For that is where Argentina’s ugly people go. The ugly, the overweight, the underweight, the under-prepared and the couldn’t care lesses. There are fellows in their sixties sporting hairstyles that were in fashion at the same time as high-waisters, platform shoes and Showaddywaddy. And even then, they were crap.

Bellies flop freely over too-tight jeans, barely covered by nylon replica Argentinos Juniors shirts. No-one cares.

Ortalora - Ugly but Proud

Ortalora - Ugly but Proud

A couple of years ago I interviewed Gonzalo Ortalora who had written a book called Feo or Ugly. He was a pretty ordinary looking chap but said that as a teenager he’d been a real eye-sore, with greasy hair, prominent teeth and spots. He was proposing a tax on the beautiful people since he said they had all the advantages in life. They got better jobs, better girlfriends and boyfriends and were not discriminated against in public. He wanted Carlos Tevez to sponsor him but I don’t think anything ever came of that.

Pretty much every other club in the Argentine first division has got a better-looking ground than Argentinos Juniors. And a fancier team bus and swishier changing rooms. I’ve been in the Argentinos Juniors changing rooms and they’re not much better than the ones at my old school. The graffiti is in Spanish, obviously, and a little wittier.

But the football that the Red Bugs are playing at the moment is a sight to behold. It’s beautiful.
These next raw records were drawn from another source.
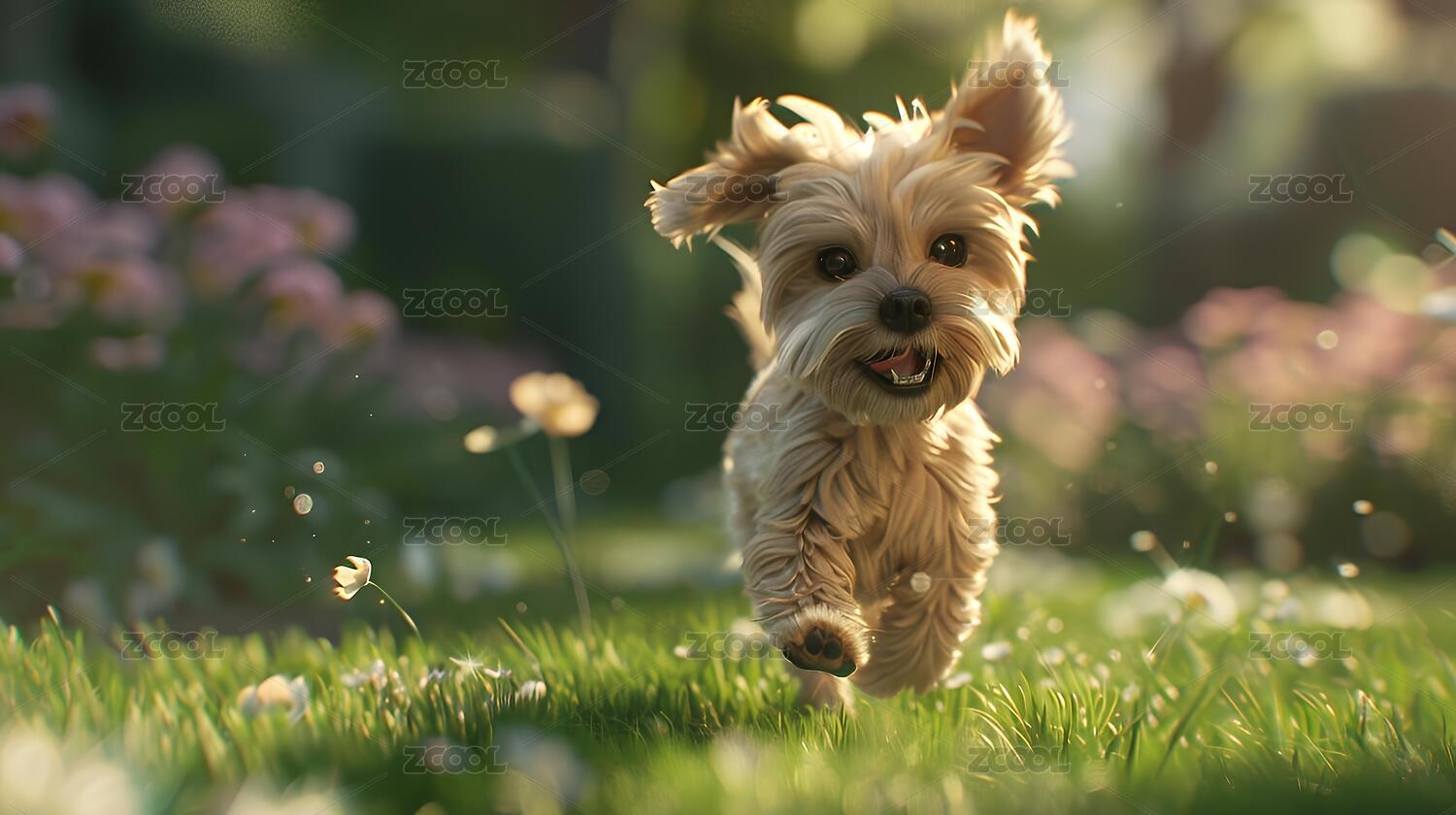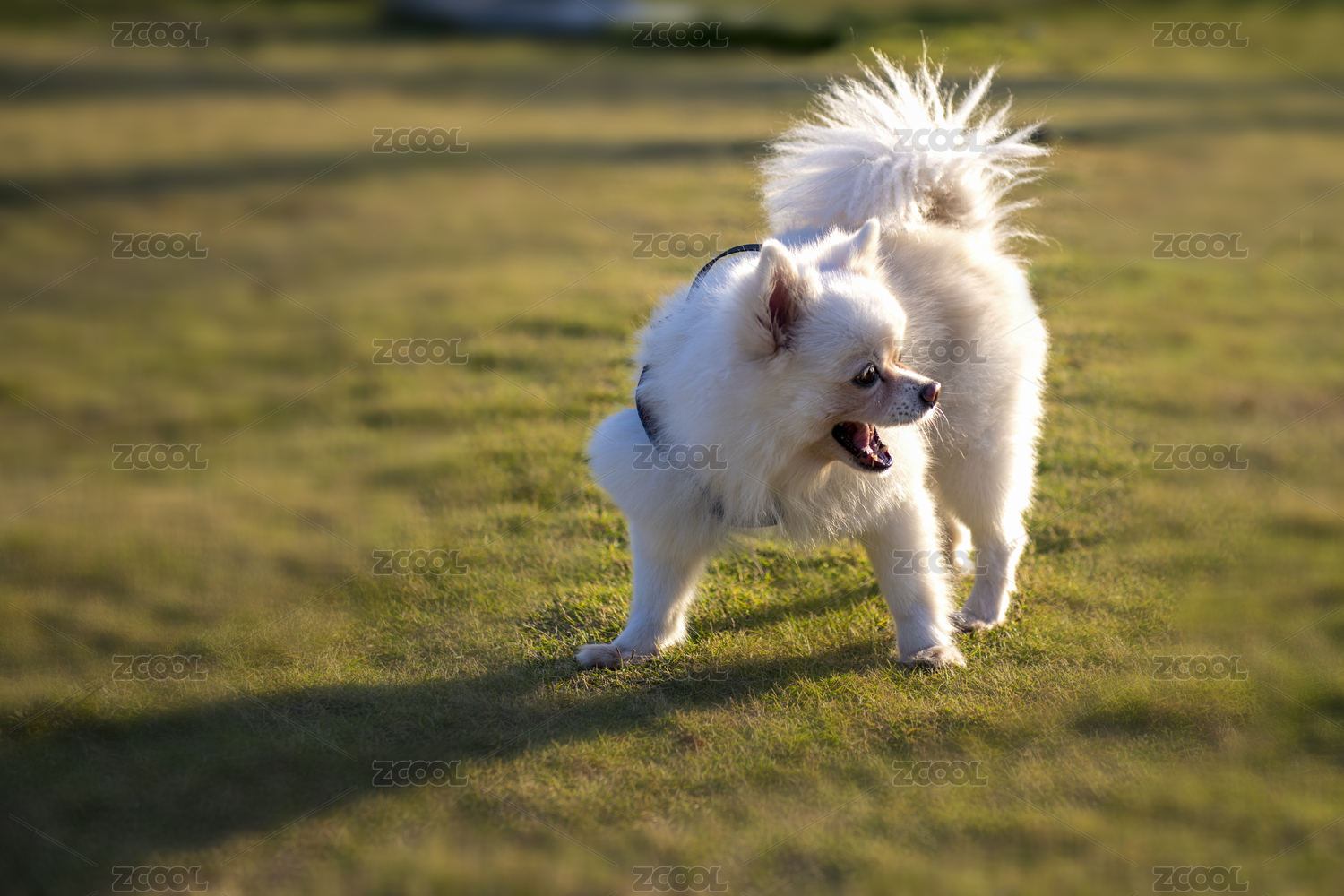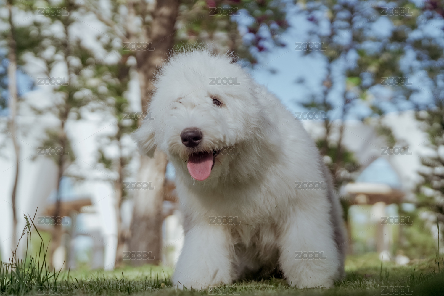 趴在公园在绿色草地上吐舌头的大白熊狗
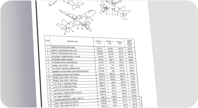 AIRPORT PLANNING MANUAL 1 2 4 5 8 9 12 6 3 7 10 11 14 13 15 16 17 18 19 20 21 22 COORD. Y HEIGHT ITEM DESCRIPTION COORD. X (mm) COORD. Z ABOVE (mm) (mm) GROUND (mm) 1 PRESSURE REFUELING PANEL 13491.27 5702.96 −623.30 2461.54 2 GRAVITY REFUELING PORT (RH) 14789.49 7413.99 −243.75 2830.76 GRAVITY REFUELING PORT (LH) 14789.49 −7413.99 −243.75 2830.76 3 4 EXTERNAL POWER SUPPLY 115 VAC 4146.90 −810.70 −1339.53 1819.58 5 FORWARD RAMP HEADSET 4164.44 −936.13 −1262.71 1896.25 6 STEERING SWITCH DISENGAGE 4136.97 −951.46 −1279.29 1879.90 7 WHEEL JACK POINT − NLG 4112.77 0.00 −2942.27 217.16 8 AIR COND. GROUND CONNECTION 10487.32 80.00 −1979.71 1129.04 9 ENGINE AIR STARTING (LOW PRESSURE UNIT) 10778.80 4.28 −2010.20 1096.23 10 GROUNDING POINT (ELECTRICAL) 14592.10 2560.25 −1343.60 1732.52 11 WHEEL JACK POINT− MLG (RH) 14475.49 2600.00 −2662.17 414.90 12 WHEEL JACK POINT− MLG (LH) 14475.49 −2600.00 −2662.17 414.90 13 HYD. SYS # 1 SERVICE PANEL 16560.17 −808.01 −1602.04 1458.44 14 HYD. SYS # 2 SERVICE PANEL 16560.17 808.01 −1602.04 1458.44 15 WATER SERVICING PANEL 21524.83 −329.37 −1178.74 1842.28 16 EXTERNAL POWER SUPPLY 28 VDC 24084.65 −471.73 −605.30 2395.36 17 AFT RAMP HEADSET 24225.26 −449.47 −585.54 2414.01 18 OXYGEN SERVICING PANEL / BOTTLE 6562.14 1159.87 −961.05 2178.86 19 FUEL TANK DRAIN VALVE (RH) 13352.80 398.47 −1413.71 1672.25 20 FUEL TANK DRAIN VALVE (LH) 13352.80 −398.47 −1413.71 1672.25 21 WASTE SERVICING PANEL 22447.01 349.20 −991.80 2021.88 22 HYD. SYS # 3 SERVICE PANEL 24061.86 519.15 −590.09 2410.75 NOTE: THE GROUND CLEARANCES IN THE TABLE REFER TO THE AIRCRAFT WITH THE MINIMUM EM170APM050006A.DGN OPERATING WEIGHT (MOW) = 21800 kg (CG REAR 27.0% CMA) Ground Servicing Connections Figure 5.5 EFFECTIVITY: ALL Section 5 Page 5-8 May11/07 w-apm1346
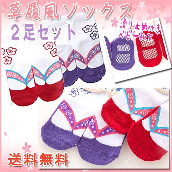 - 送料無料 草履風 ベビー ソックス 女の子 2足セット / キッズ 足袋 風 靴下 袴 男の子 お食い初め お宮参り 七五三 出産祝い
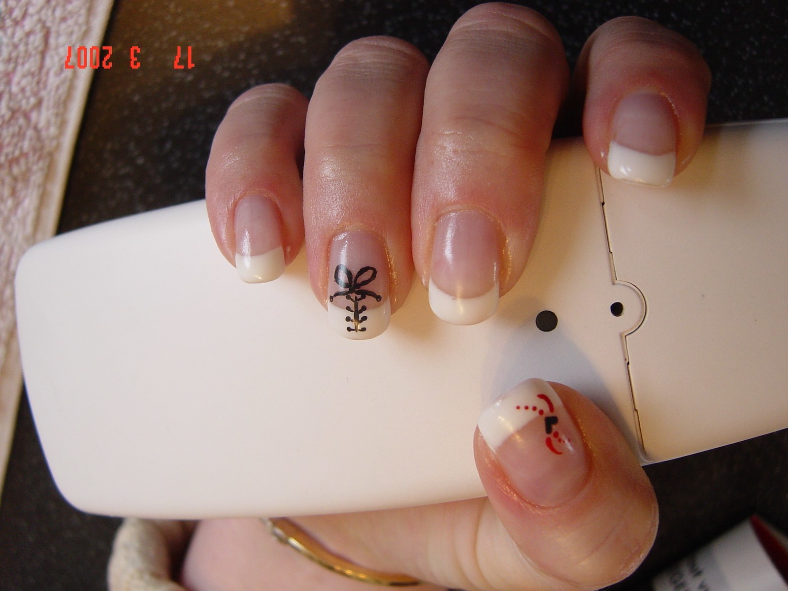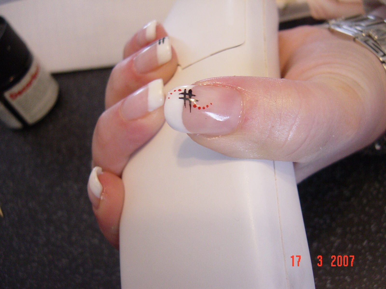 Lacet, nail art peinture,coeur rouge et noir le tout fais à main lever, merci Laetitia........:rosa1:
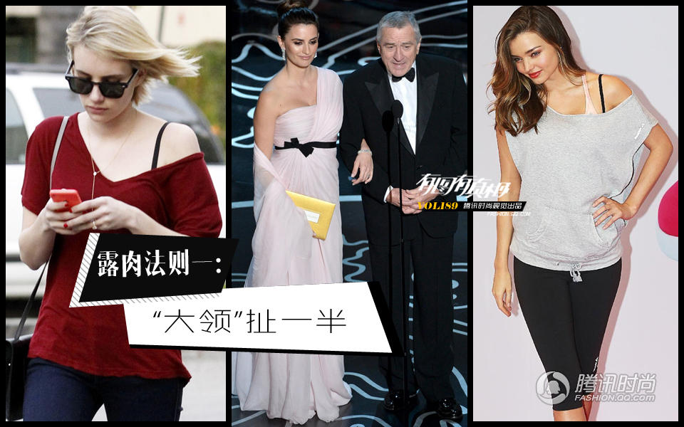 柔和的肩部线条是女人永不过时的性感本钱,西班牙美女佩内洛普克鲁兹在今年奥斯卡金像奖上的这套露肩礼服雍容华贵,礼服在设计上给了以丰满著称的大美女的圆润肩部一个华丽丽的亮相,真是让人大饱眼福。而米兰达可儿则将中性化的运动衫以随性的半露香肩的穿法穿出了青春又健康的性感气质。今年订婚的好莱坞四小花旦艾玛罗伯茨也不甘示弱,这张街拍闪瞎人眼的不仅有大钻戒还有半露的香肩。红色很衬艾玛雪白的肤色,而露肩设计又暗示着就要成家的她向熟女转型的讯息。
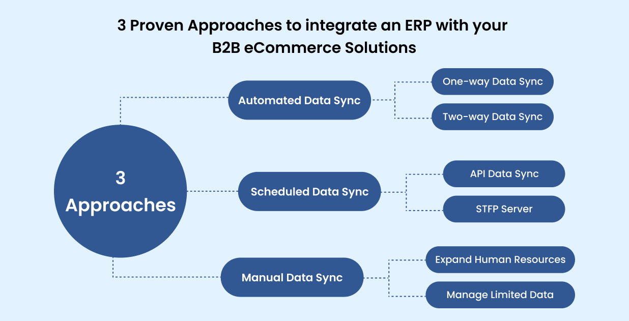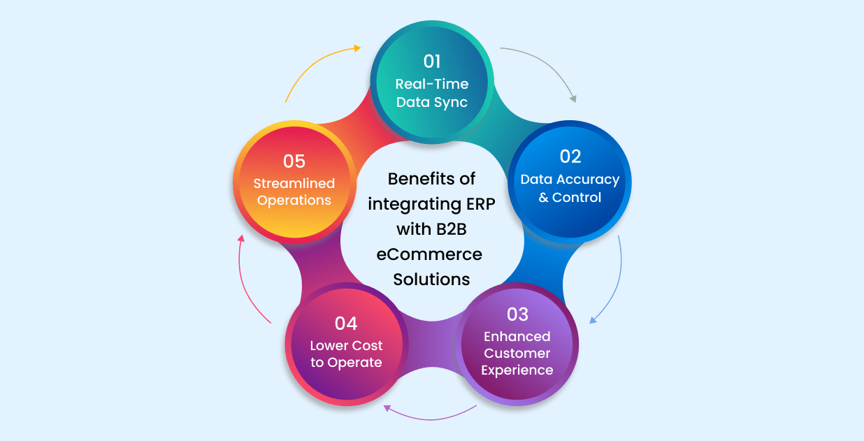 ERP integration with a B2B eCommerce solution ensures your business operations work in sync. Effective integration provides various business benefits, including efficient data synchronization, smooth data flow, and advanced automation.
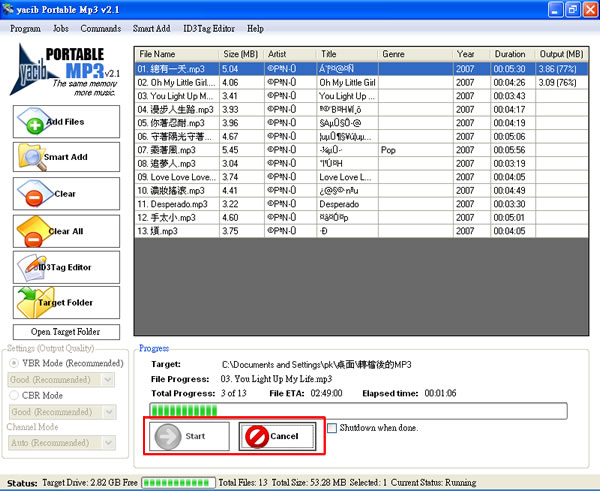 MP3 格式的檔案所佔用的硬碟空間說大不大,說小也不小,如果 MP3 檔案很多,相信還是佔了不少的空間的, yacib Portable Mp3 是一套可以將 MP3 檔案減肥且不損音質的免費軟體,這對有限的記憶卡容量或 MP3 隨身聽就可以放入更多張的專輯或數量更多的 MP3 檔案,yacib Portable Mp3 的操作上非常的容易,經過瘦身後的檔案依照所選音質高低,其大小將可以減少約 1/3 或一半,非常的實用。

A few more goals and it’ll be winning beauty contests.

This game against second-from-bottom Rosario Central was not one of the prettiest, but it was enough. Fresh from a victory over Boca Juniors at the weekend, the home side had the edge in the first half, hitting the crossbar and having a goal disallowed for offside.

But Argentinos Juniors put on their best face after the break and wrapped up the three points with a well-worked goal slotted home by Ismael Sosa.  With just six games to go, the Red Bugs are just two points behind the leaders, Independiente. River Plate lost yesterday and Boca Juniors were beaten 3-0 by Colon. Who’d have thought it?!